The agency said in a notice that it will inspect Bank of Tokyo-Mitsubishi UFJ, the country’s No. 1 bank by assets, Mizuho Financial Group and No. 3 Sumitomo Mitsui Bank.
The inspections, to be carried out next week, will focus on compliance and risk management. The move comes after Mizuho’s announcement that the chairman of its banking business resigned and top executives will have pay docked over more than ¥200 million (US$2 million) in loans to organized crime.
The loans, reported to Mizuho’s board in early 2011, were issued by consumer finance affiliate Orient Corp. A probe by an outside panel faulted Mizuho for failing to crack down sooner, but said the bank had not deliberately sought to cover up the loans.

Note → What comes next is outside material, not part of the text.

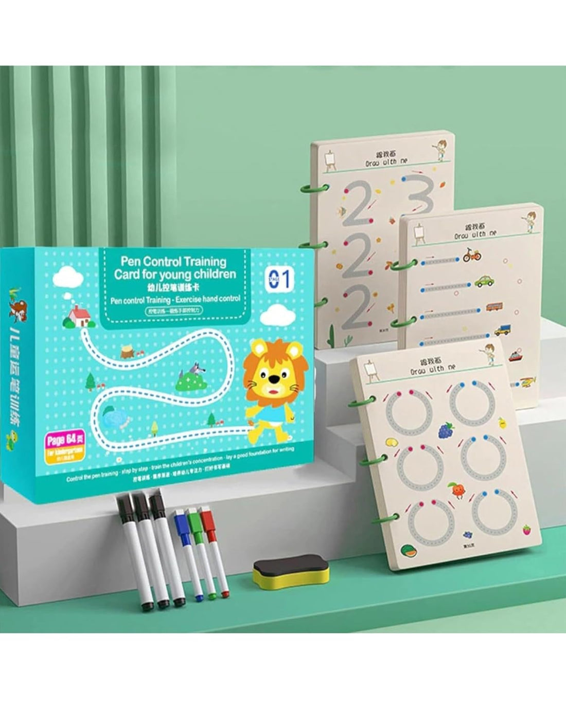 64-Page Magic Tracing Book Set – Reusable Practice Workbook for Kids | Alphabet & Number Writing | Pen Control & Preschool Learning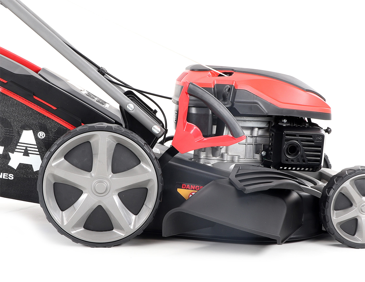 Velká zadní pojezdová kola i přední kola jsou uložena v oboustranných kuličkových ložiscích, centrální nastavení výšky sečení je u značky VeGA také samozřejmostí, jako ergonomické měkčené madlo.

It is unclear if the FSA plans any further action against Mizuho, following an order late last month for the bank to clean up its lending business.
Asked if the Mizuho case reflected a need for tighter oversight, Finance Minister Taro Aso said improvements might be made in the future, despite the regulator working with limited resources.
“If the probe shows there are areas needing improvement, then we will do so,” Aso said.
Japanese gangs, known as yakuza, are entrenched in many areas of the economy despite efforts to freeze them out of the financial system.